Wikipedia Encyclopedia

Carol Alvarado

Carol Alvarado

Carol Alvarado (born October 26, 1967) is the state senator for Texas's 6th state senate district. The district includes southeast Houston, and portions of Pasadena. She is a member of the Democratic Party.[1] On December 11, 2018, Alvarado won a special election to fill the Senate seat for the 6th district left vacant by the resignation of Sylvia Garcia, who was elected to the U.S. House of Representatives.[2]

Carol Alvarado
Minority Leader of the Texas Senate
Assumed office
January 8, 2020
Preceded byJosé R. Rodríguez
Member of the Texas Senate
from the 6th district
Assumed office
December 21, 2018
Preceded bySylvia Garcia
Member of the Texas House of Representatives
from the 145th district
In office
January 13, 2009  December 21, 2018
Preceded byRick Noriega
Succeeded byChristina Morales
Member of Houston City Council
from District I
In office
January 1, 2002  January 1, 2008
Preceded byJohn Castillo
Succeeded byJames Rodriguez
Personal details
Born (1967-10-26) October 26, 1967
Houston, Texas, U.S.
Political partyDemocratic
EducationUniversity of Houston (BA, MBA)

Early life and education

Carol Alvarado is a native Houstonian and a longtime resident of Houston's East End.

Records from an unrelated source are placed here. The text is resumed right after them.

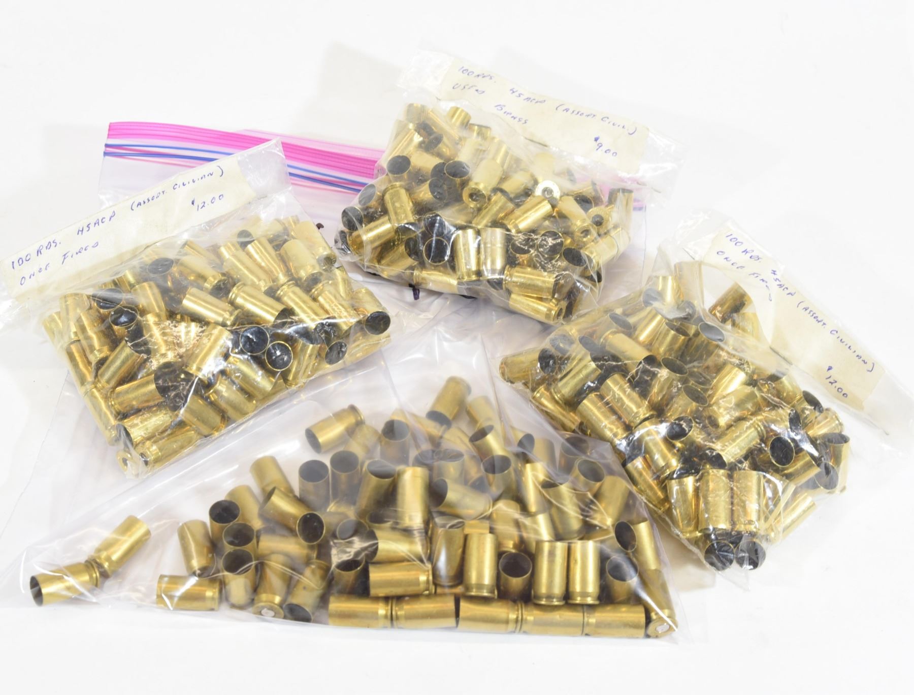 1) 180 pieces used brass. 80 have used primers. 100 are unprimed. 2) 200 pieces once-fired unprimed brass.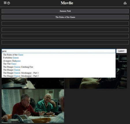 Movlie is about guessing the correct name of the movie (American) from a screen grab of its video. The guess is made by typing a few letters from the name of the movie in the ‘Search box’ and selecting any one from the list. If the guess is incorrect, the next screen grab is presented as an additional clue and so on. A total of 6 attempts are provided within which you are allowed to make the correct guess and win the game.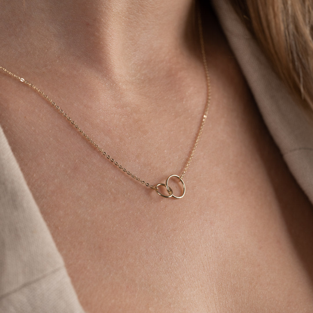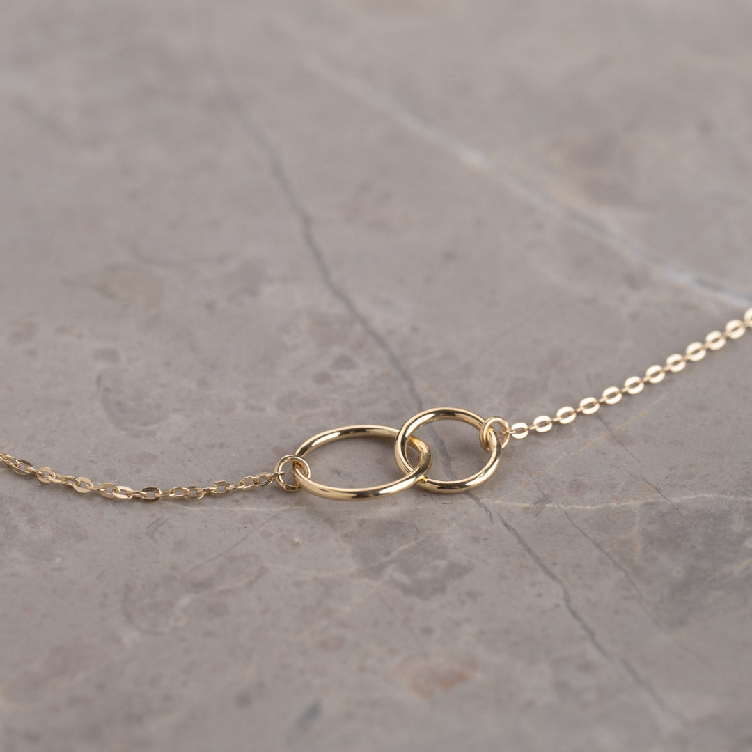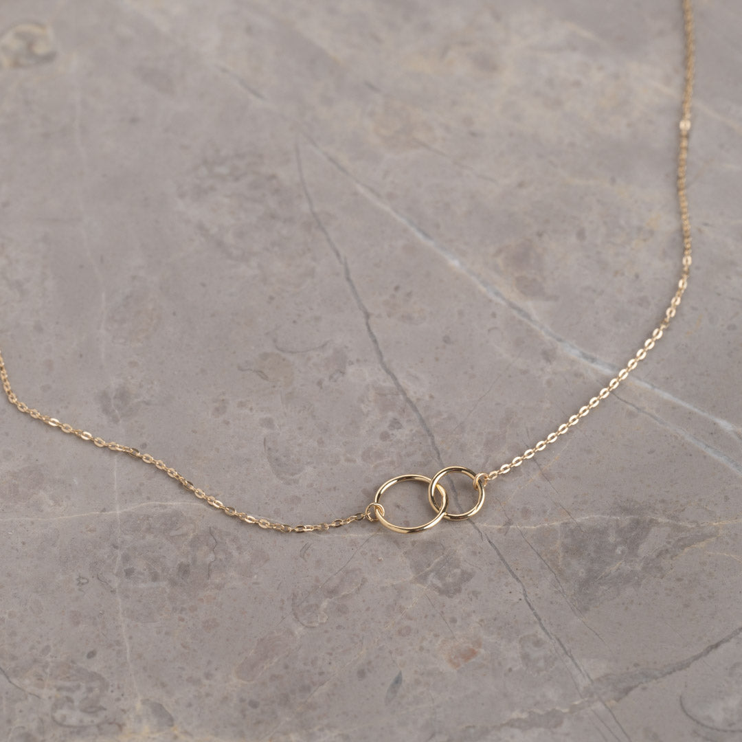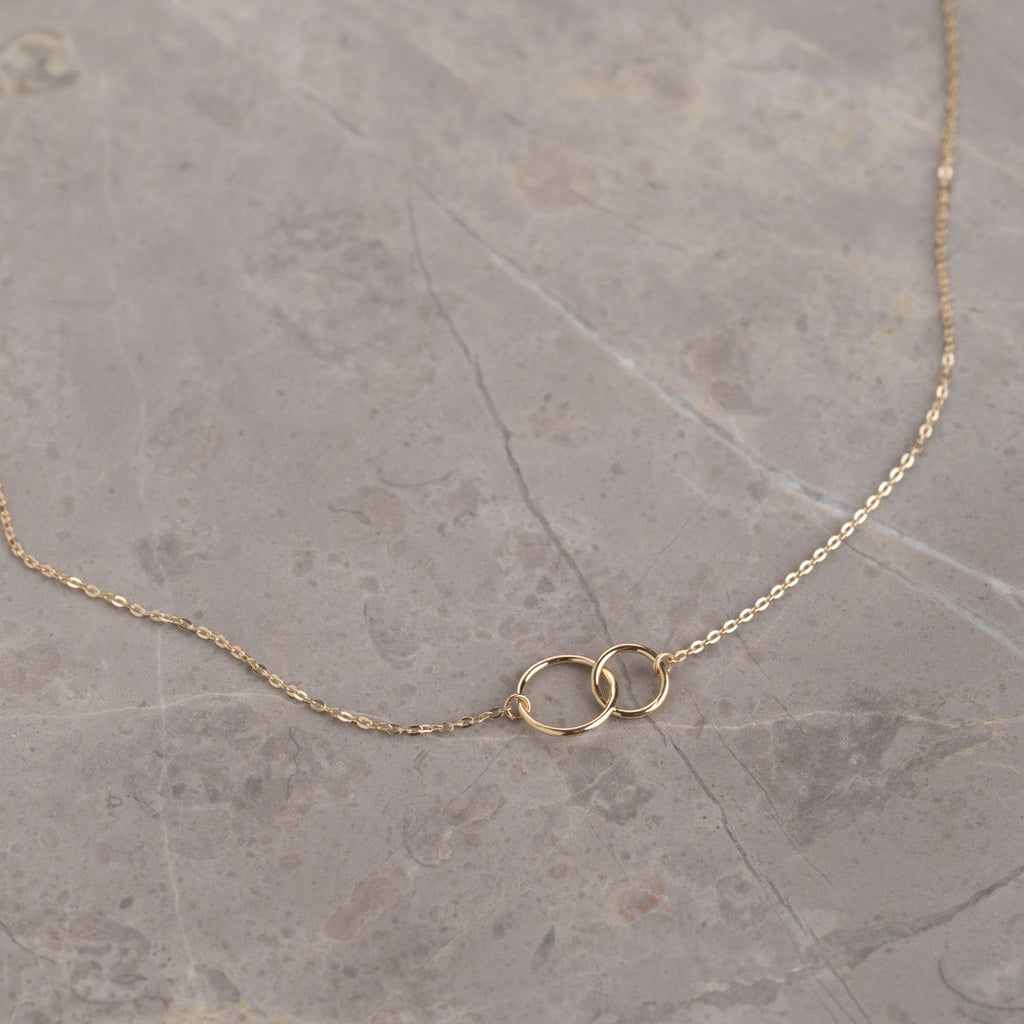 Vårt UNA -halsband är tillverkat av 100% återvunnet solid 9 karats guld. Halsbandet är utformat med en lätt ankarkedja och har två sammankopplade ringar som bildar en fin symbolisk detalj på halsbandet.

Her political activism began at the age of 12, when she assisted her godfather's campaign for the Houston City Council District I. Prior to formally entering public life, Alvarado worked in City Hall as a Senior Executive Assistant to Houston Mayor Lee P. Brown. Her past professional experience includes serving as a legislative assistant to Congressman Gene Green in Washington D.C., and as a consultant in economic and community development in East End neighborhoods.[1]

Alvarado is a graduate of the University of Houston, and holds a Bachelor of Arts degree in Political Science. She received her MBA from the University of Houston in December 2008.[1]

Political career

City Council

Alvarado served on the Houston City Council, District I, from 2002-2007. During her time on the City Council, Alvarado worked to close down nuisance bars in neighborhoods, improve air quality, and secure cameras at problem rail crossings. She was instrumental in the creation of the Parking Commission, and led the effort to establish a deed restriction database. Alvarado also spearheaded the Houston city ordinance that bans smoking in public restaurants and bars.[1]

State House

In 2008, Alvarado was elected to Texas House of Representatives. She currently resides as the Co-Chair of the Transparency in State Agency Operations committee, the Vice-Chair of the Urban Affairs committee, and as a member of the House Calendars and Special Purpose Districts committees.

Alvarado's primary legislative focus has been on public health, public education, and economic development issues. During her three terms in the House, she has authored bills to qualify all Texas four-year-olds for pre-kindergarten, to increase career and technology education funding, to limit elementary class sizes, and to freeze tuition at public colleges and universities.[3] She has also authored legislation that would limit the use of sugary drinks in public schools, increase physical education and health education graduation requirements, and ban the use of trans fats by fast food chains.[3]

An advocate of women's health issues, Alvarado received media attention in 2011 during the debate of House Bill 15, a mandatory sonogram bill. Speaking on the floor of the House chamber, Alvarado displayed a 10-inch trans vaginal wand and described the intrusiveness of the sonogram procedure.[4]

In 2021, Alvarado engaged in a 15-hour filibuster to prevent the Republican-controlled Texas Senate from passing legislation to restrict voting rights. Filibusters in Texas require continuous standing and speaking.[5][6]


  1. "Texas House Bio: Carol Alvarado". Archived from the original on 2012-10-23. Retrieved 2012-10-21.
  2. Patrick Svitek (December 13, 2018). "State Rep. Carol Alvarado wins special election to replace Sylvia Garcia in Texas Senate". The Texas Tribune.
  3. "Report: Bills Authored".
  4. "Democrats Attack Abortion Sonogram Bill". Texas Tribune.
  5. Ura, Alexa (2021-08-11). "Texas Senate outlasts 15-hour filibuster by Sen. Carol Alvarado to pass GOP voting-restrictions bill". The Texas Tribune. Retrieved 2021-08-13.
  6. Kilgore, Ed (2021-08-12). "Texas Republicans Outlast 15-Hour Filibuster to Advance Voting-Restriction Bill". Intelligencer. Retrieved 2021-08-13.